What Are Your Rights When Charities Use Telemarketing?

There is the National Do Not Call Registry, which most of us should use to cut down on unwanted phone calls. But, the Registry does not cover calls made by charities.

However, if a charity uses a telemarketing company, that company must maintain a “no call” list. You can request that your name is placed on that list. It will only cover that particular charity, however.

What Should You Do to Avoid Getting Scammed by Telemarketers?

  • Hang up! If you hate telemarketing calls, the best thing to do is simply hang up immediately. Or hang up should the call go badly. I recently hung up on a political fundraising call because the caller deluged me with her pitch without even asking if this was a convenient time to call me.
  • Ask the caller if he works for a telemarketing company or if he is a volunteer or staff member of the charity. You will likely feel more inclined to give to a volunteer than a professional telemarketer.
    • If the call is from a company, ask the caller how much of your donation will go to the charity. The law requires that companies tell you.  And they do know. If the caller says she does not have that information, then terminate the call.
  • Say that you do not give over the phone. This is what I always do. Because I don’t give over the phone. It's just too dangerous to be sharing credit card numbers over the phone.
  • Do your research. Use charity rating organizations to check out charities. Go to CharityNavigator or the Better Business Bureau site and look up the charity you're considering. If its score is high, consider donating. Don’t expect to find all charities on these lists. But large ones usually are.For smaller charities, it's wise to stick to your local area. It's easier to understand those organizations and to keep tabs on them.
  • Give directly. Send a check to your favorite charity or drop it by the charity's office. Go to the charity's website and donate using its payment system. Purchase its tickets, attend its special events, and, especially if you are giving a significant amount, ask to visit with the fundraising officer personally.
  • Do not give into badgering by the caller. Never give in to pressure. If you feel uncomfortable, end the call.

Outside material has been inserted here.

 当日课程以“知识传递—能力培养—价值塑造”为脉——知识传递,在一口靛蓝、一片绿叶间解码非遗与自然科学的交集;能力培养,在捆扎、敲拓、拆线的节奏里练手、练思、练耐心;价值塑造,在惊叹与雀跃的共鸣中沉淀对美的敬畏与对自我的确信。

  • Avoid sharing your credit card information, banking or any other kind of personal information over the phone. It’s simply not safe. If you do want to donate, tell the caller to send you a letter in the mail (scammers won’t do this) or that you will visit the charity website to make your donation. 

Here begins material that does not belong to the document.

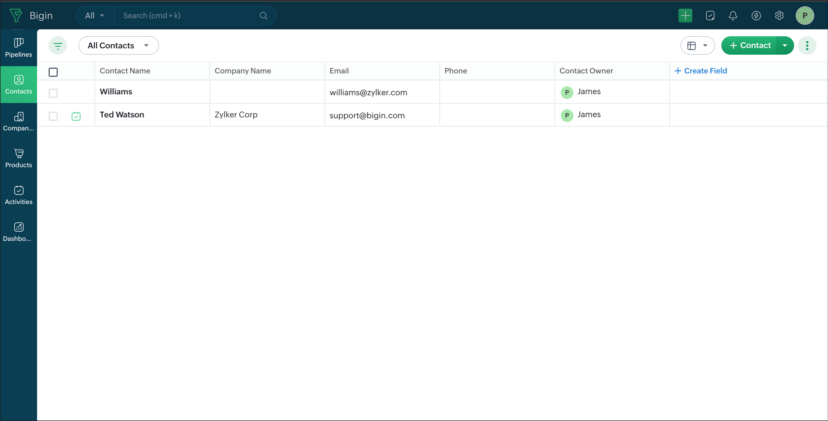 If the customer already exists in Bigin, it will update the respective contact. This integration ensures that no duplicate records are added by validating the uniqueness of email address, phone number, and name in the same order.

  • Beware of sound-alike charity names. Many scammers use names that sound familiar to rip you off. Just because the name has “cancer” in it does not mean that the call is a reputable cancer charity
  • Check out any charity's privacy policies before donating. If you do not want your information shared with other groups, don't donate to any charity that does not promise privacy. Just doing this could cut way down on phone calls and direct mail that you do not want. Privacy policies should be right on any charity's website, and Charity Navigator rates each charity in its database for privacy.
  • Educate yourself about charitable giving. Read articles on philanthropy and charities in your favorite publications, browse the articles at the rating sites, engage in conversations with friends about charitable giving, and share information.

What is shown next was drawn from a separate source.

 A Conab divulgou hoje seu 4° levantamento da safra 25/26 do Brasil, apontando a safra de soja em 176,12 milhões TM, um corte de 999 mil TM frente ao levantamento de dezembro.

    • You would not buy a car, pick a gym, or choose a daycare without doing your research. Charitable giving deserves the same amount of care and attention.
    • Telemarketing calls from charities are not inherently evil. And some charities just phone to check in, or even to thank you for a recent donation.
    • Once you know that the call is for fundraising, do make sure you are talking with a legitimate company or with a volunteer or staff member of the charity. Stay generous, but don’t fall for a scam.